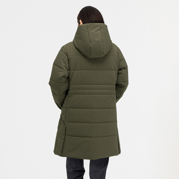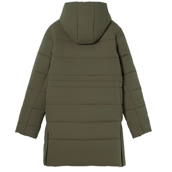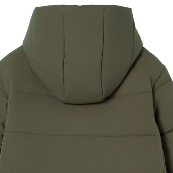 - シンプルなデザインの中綿コート。裾のサイド部分には足回りが動かしやすくなるようスリットを入れており、ボタンで開け閉めすることが可能です。表地には、防風機能とはっ水性に優れた素材を採用。身頃部分には中綿200gと暖かさにも優れている。防風、はっ水、保温。ベーシックなシルエット。
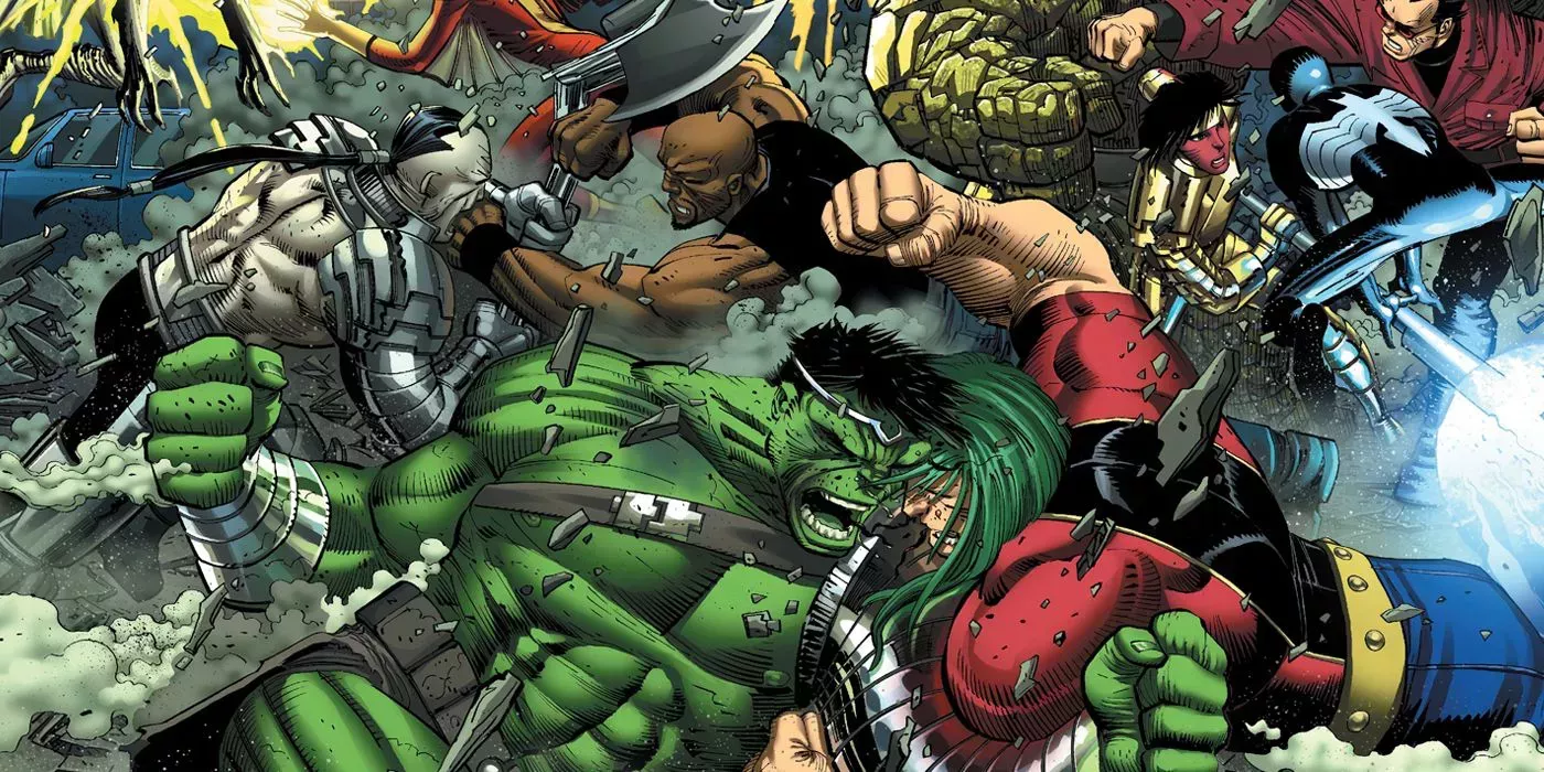 Cuando Hulk regresó de su exilio en el Planeta Sakaar, estaba tan furioso como siempre. Esta vez, el personaje de Marvel Comics conocido por su ira no luchó contra uno o varios héroes, sino contra casi todo el panteón de héroes de Marvel a lo largo de los cinco números de la miniserie.
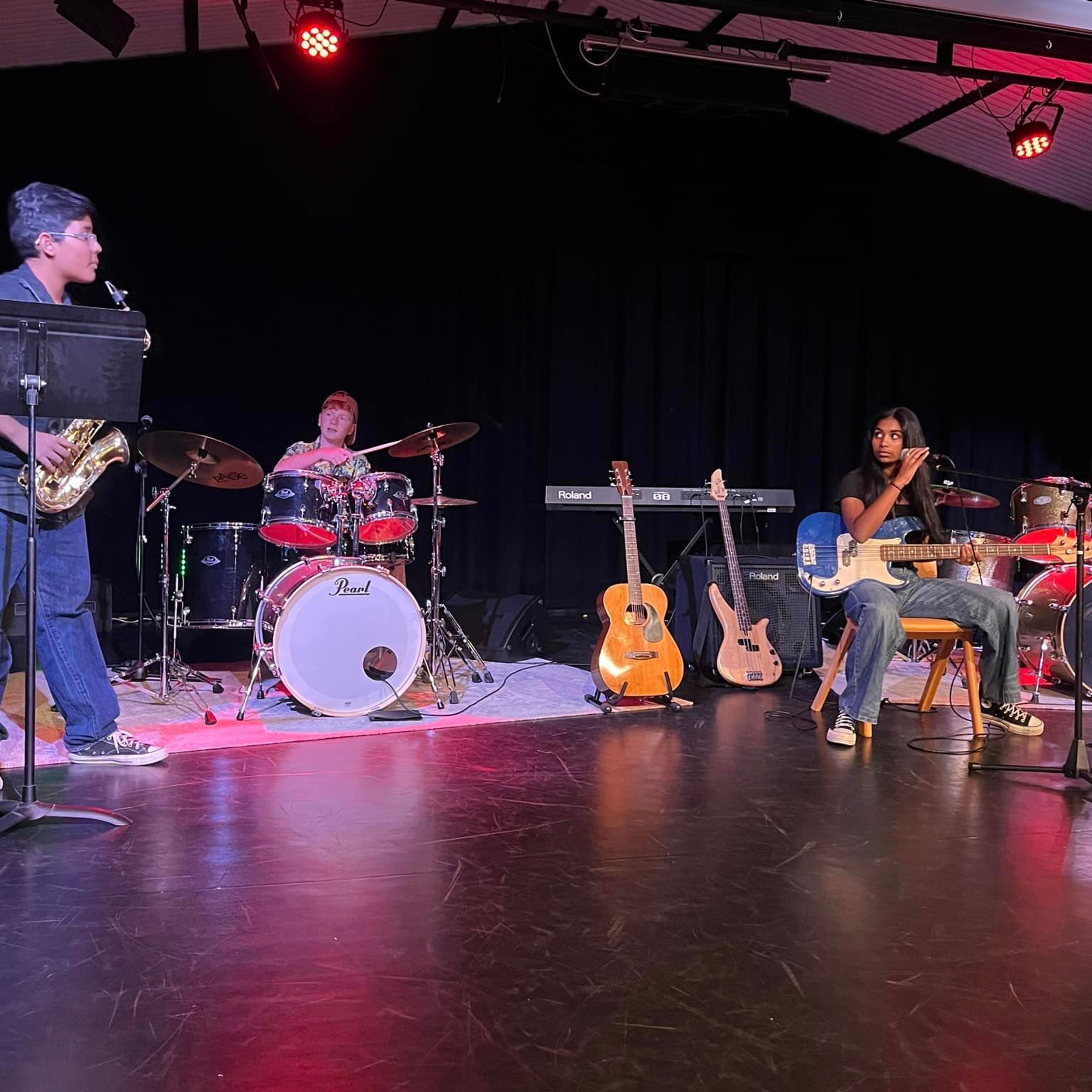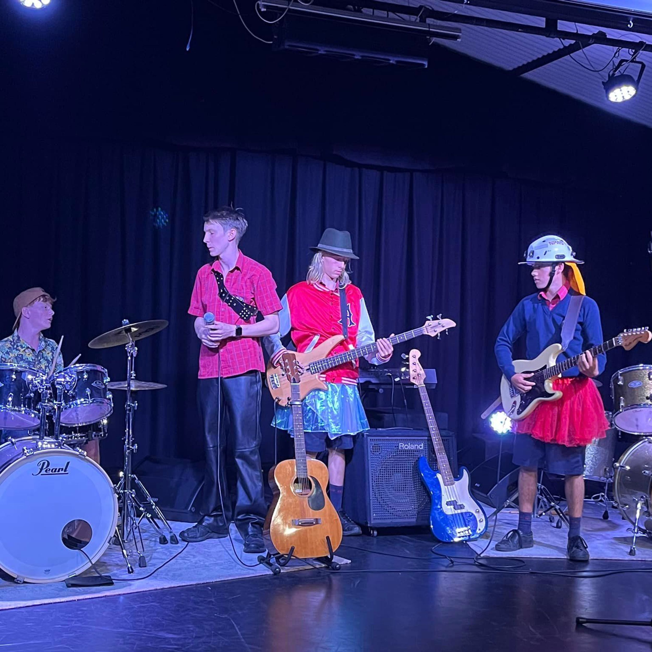 On Friday 6th September, BDC held our first Battle of the Bands competition in the College theatre. We had 8 bands enter with students ranging from Primary through to Year 11 covering a range of styles of rock. Most bands had been rehearsing for 3 terms and did an amazing job. Judges included BDC drum tutor Mr Abe Camden, Head of Colemans Music and Rockfest co-ordinator Mr Luc Travers and Head of Faculty Ms Rebecca Day. The judges were blown away by the talent. First prize which included a recording session at Grow the Music studios in Toormina went to the Secondary Rock Band.

***

*ASSIGNED TASK*.
Please copy, exactly and only, the lines of the listing that run from the one holding "Cuando Hulk regresó" through its last line, and exclude pictures.

*ANSWER SECTION*.
 Cuando Hulk regresó de su exilio en el Planeta Sakaar, estaba tan furioso como siempre. Esta vez, el personaje de Marvel Comics conocido por su ira no luchó contra uno o varios héroes, sino contra casi todo el panteón de héroes de Marvel a lo largo de los cinco números de la miniserie.
 On Friday 6th September, BDC held our first Battle of the Bands competition in the College theatre. We had 8 bands enter with students ranging from Primary through to Year 11 covering a range of styles of rock. Most bands had been rehearsing for 3 terms and did an amazing job. Judges included BDC drum tutor Mr Abe Camden, Head of Colemans Music and Rockfest co-ordinator Mr Luc Travers and Head of Faculty Ms Rebecca Day. The judges were blown away by the talent. First prize which included a recording session at Grow the Music studios in Toormina went to the Secondary Rock Band.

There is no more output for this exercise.